── INFORMATION SUPPLIED
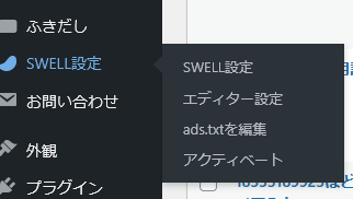 WordPressの画面左側にあるSWELL設定の中のSWELL設定を選ぶ。
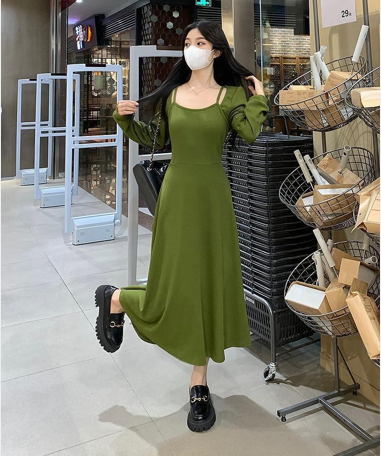 大きいサイズ レディース ワンピース 重ね着風 春 秋冬 新品 長袖
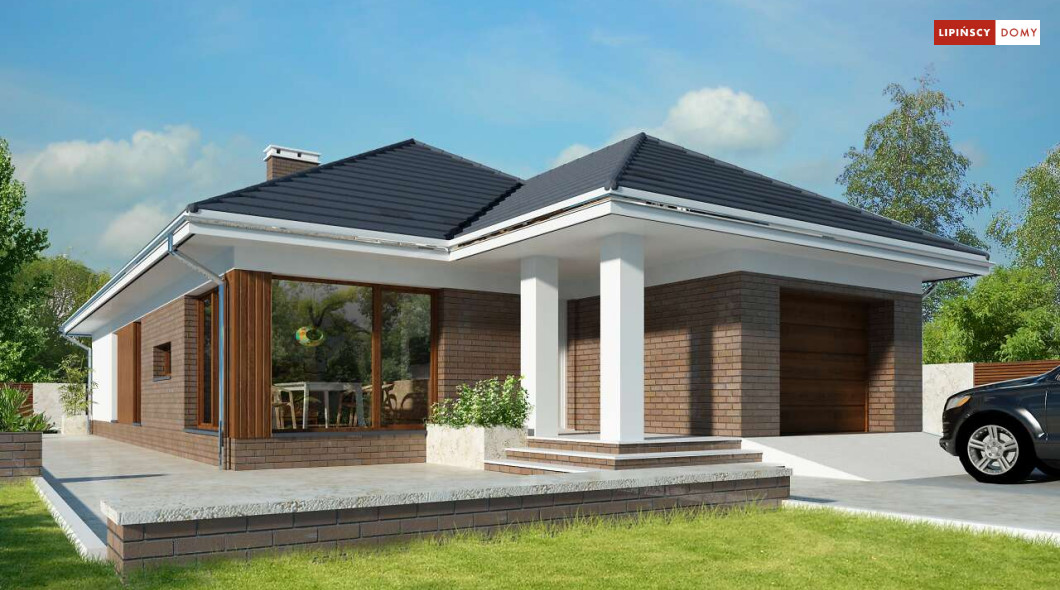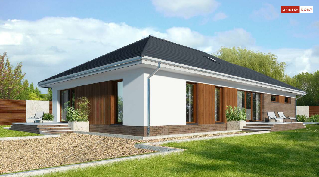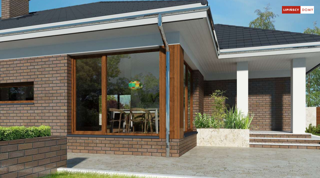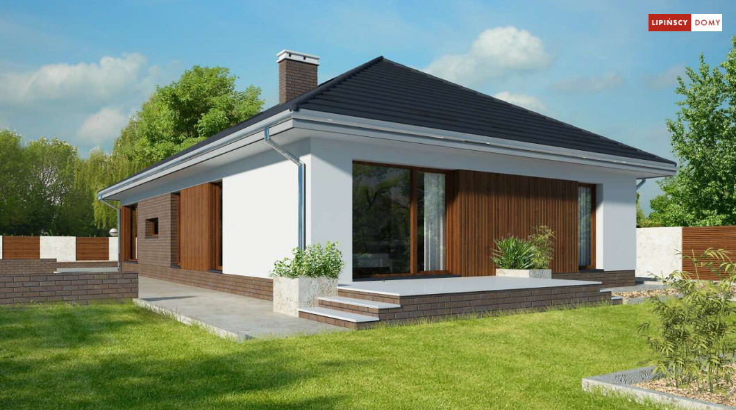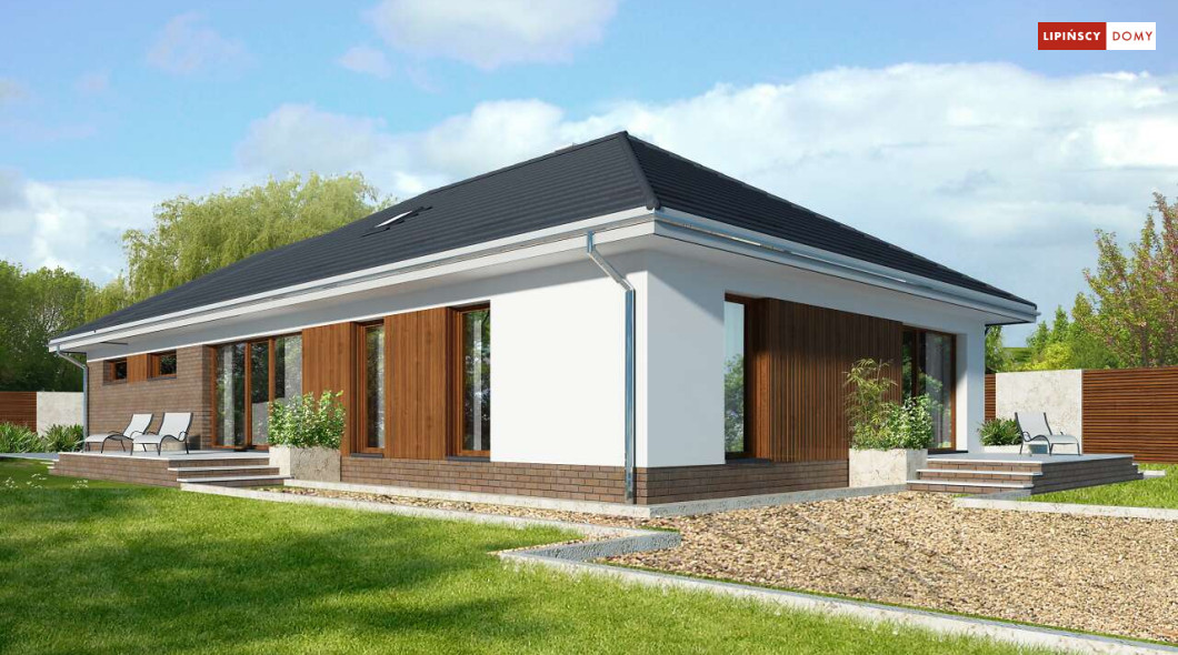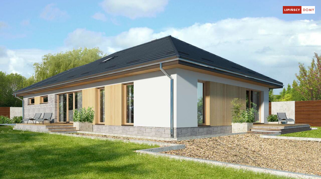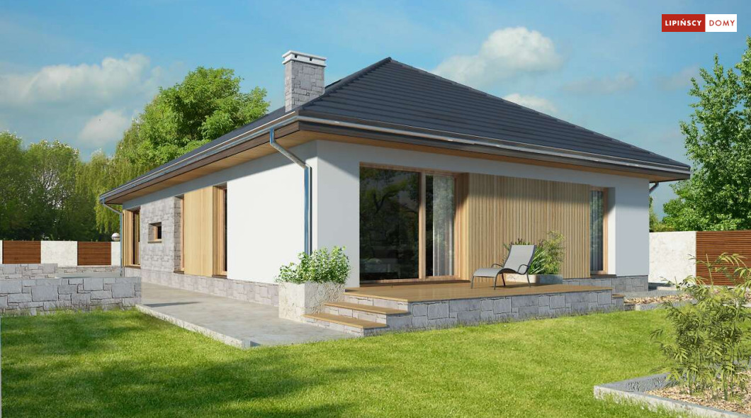 Wygodny dom parterowy, w standardzie energooszczędnym. Dzięki frontowemu usytuowaniu wjazdu do garażu, dom można postawić na działce o niewielkiej szerokości. Centrum domu stanowi duży salon, graniczący z obszerną kuchnią z wyspą, obok której – w ciekawie zaaranżowanej przestrzeni - stworzono kącik jadalniany. Część prywatna domu to trzy sypialnie, jedna z własną łazienką i garderobą. Dla wygody mieszkańców zaprojektowano osobną pralnię, gdzie umieszczony został kocioł gazowy. W projekcie przewidziano ogrzewanie kotłem na gaz. Możliwa jest zmiana ogrzewania na pompę ciepła.
────
**YOUR TASK**. Exact output of each line above is wanted, without the pictures.

**EXERCISE RESULT**.
 WordPressの画面左側にあるSWELL設定の中のSWELL設定を選ぶ。
 大きいサイズ レディース ワンピース 重ね着風 春 秋冬 新品 長袖
 Wygodny dom parterowy, w standardzie energooszczędnym. Dzięki frontowemu usytuowaniu wjazdu do garażu, dom można postawić na działce o niewielkiej szerokości. Centrum domu stanowi duży salon, graniczący z obszerną kuchnią z wyspą, obok której – w ciekawie zaaranżowanej przestrzeni - stworzono kącik jadalniany. Część prywatna domu to trzy sypialnie, jedna z własną łazienką i garderobą. Dla wygody mieszkańców zaprojektowano osobną pralnię, gdzie umieszczony został kocioł gazowy. W projekcie przewidziano ogrzewanie kotłem na gaz. Możliwa jest zmiana ogrzewania na pompę ciepła.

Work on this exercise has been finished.